Work instruction: No pictures belong in the copy. Retype exactly, and only, the stretch of lines below from the one with "Lumajang, Dalam rangka" through the one with "前兩天,邊肖在中國商標局官網".

Records for this exercise:
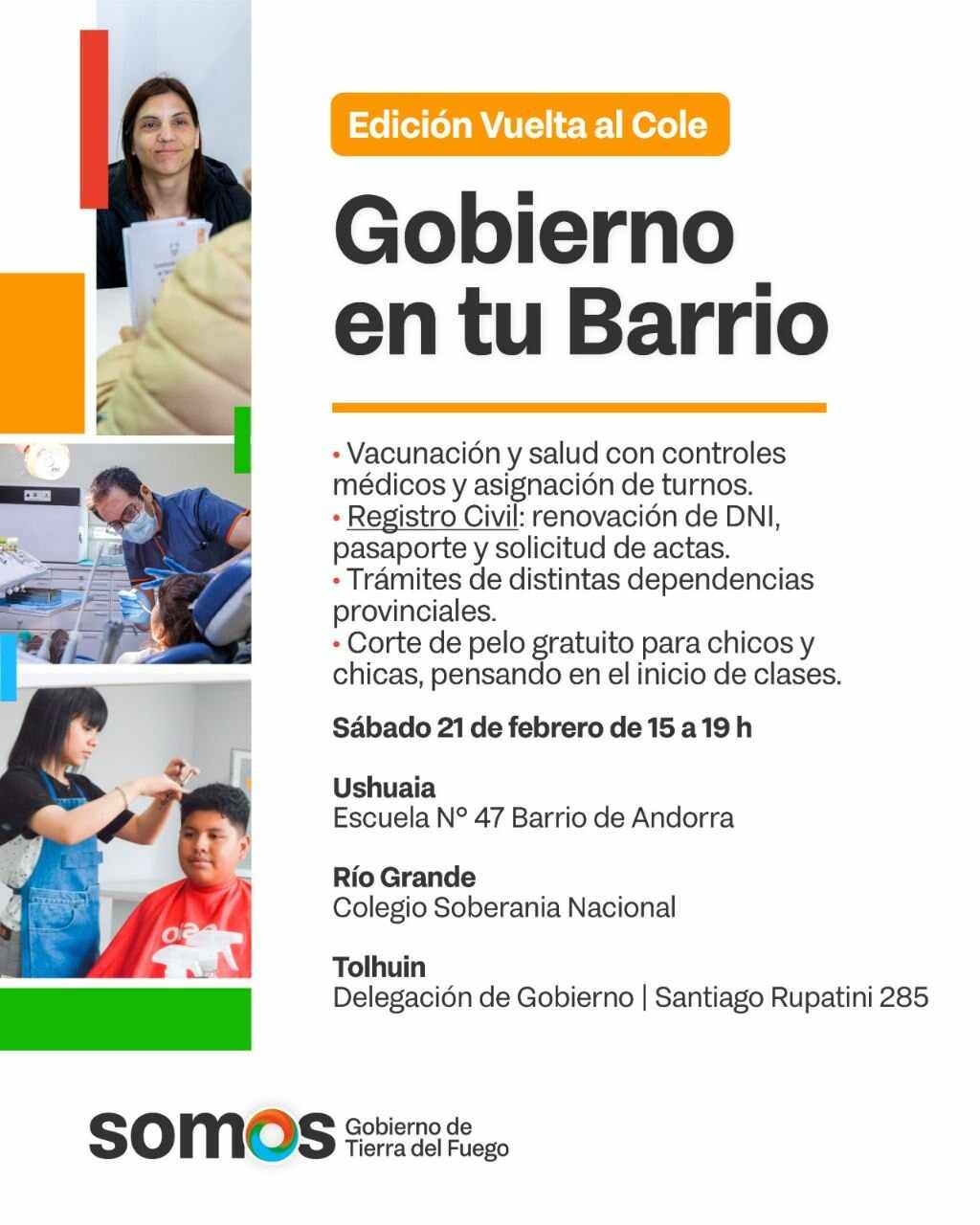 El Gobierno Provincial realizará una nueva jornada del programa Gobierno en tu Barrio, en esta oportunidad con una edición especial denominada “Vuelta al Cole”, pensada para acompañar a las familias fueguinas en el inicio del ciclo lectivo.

==

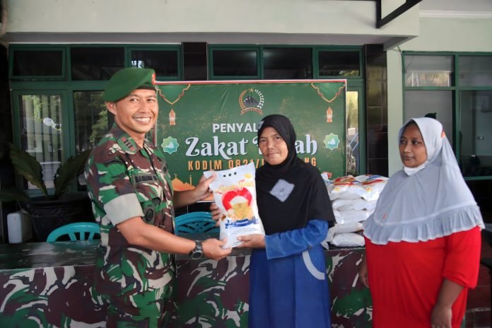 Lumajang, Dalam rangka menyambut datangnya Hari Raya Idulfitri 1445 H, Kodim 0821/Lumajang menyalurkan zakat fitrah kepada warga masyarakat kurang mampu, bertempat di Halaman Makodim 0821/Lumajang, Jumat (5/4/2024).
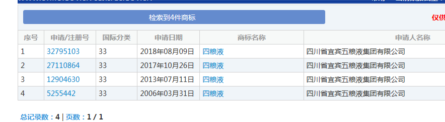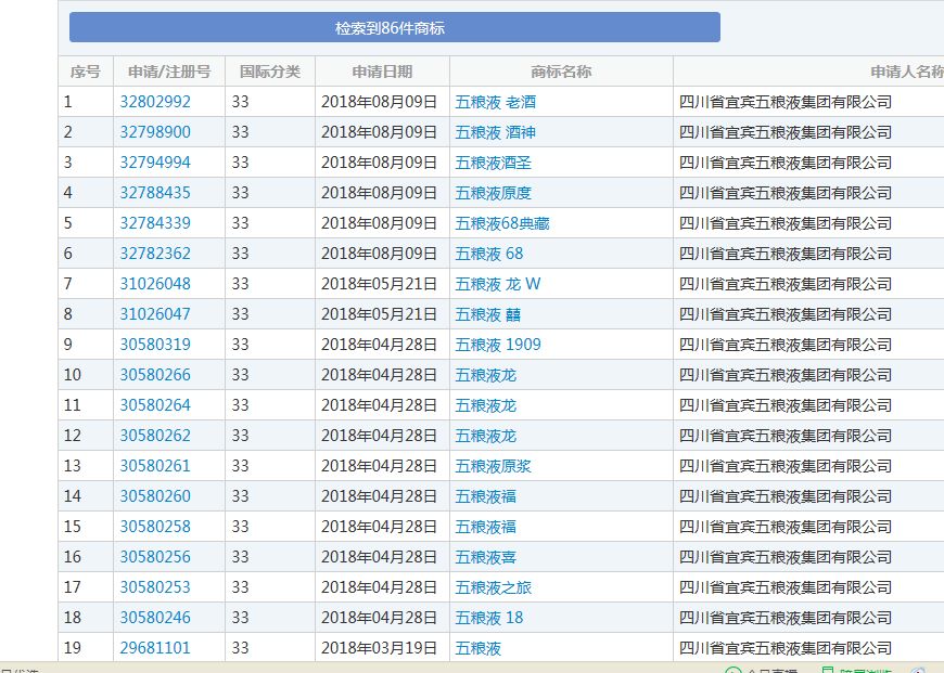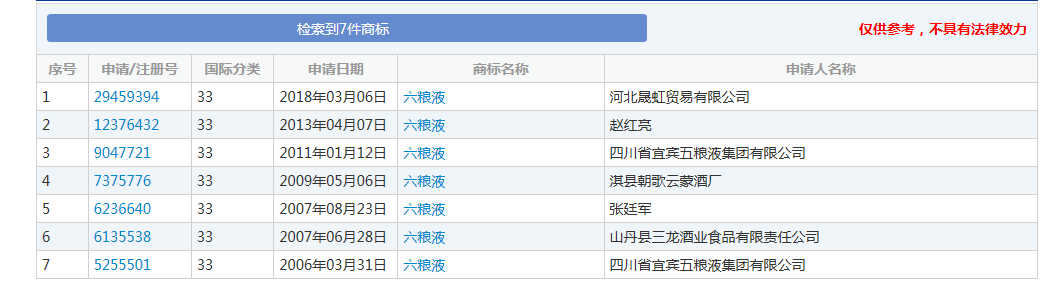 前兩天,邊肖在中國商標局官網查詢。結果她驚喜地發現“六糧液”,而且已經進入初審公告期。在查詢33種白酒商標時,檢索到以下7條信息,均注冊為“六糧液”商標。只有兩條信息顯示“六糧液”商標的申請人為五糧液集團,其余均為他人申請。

Response to this task:
 Lumajang, Dalam rangka menyambut datangnya Hari Raya Idulfitri 1445 H, Kodim 0821/Lumajang menyalurkan zakat fitrah kepada warga masyarakat kurang mampu, bertempat di Halaman Makodim 0821/Lumajang, Jumat (5/4/2024).
 前兩天,邊肖在中國商標局官網查詢。結果她驚喜地發現“六糧液”,而且已經進入初審公告期。在查詢33種白酒商標時,檢索到以下7條信息,均注冊為“六糧液”商標。只有兩條信息顯示“六糧液”商標的申請人為五糧液集團,其余均為他人申請。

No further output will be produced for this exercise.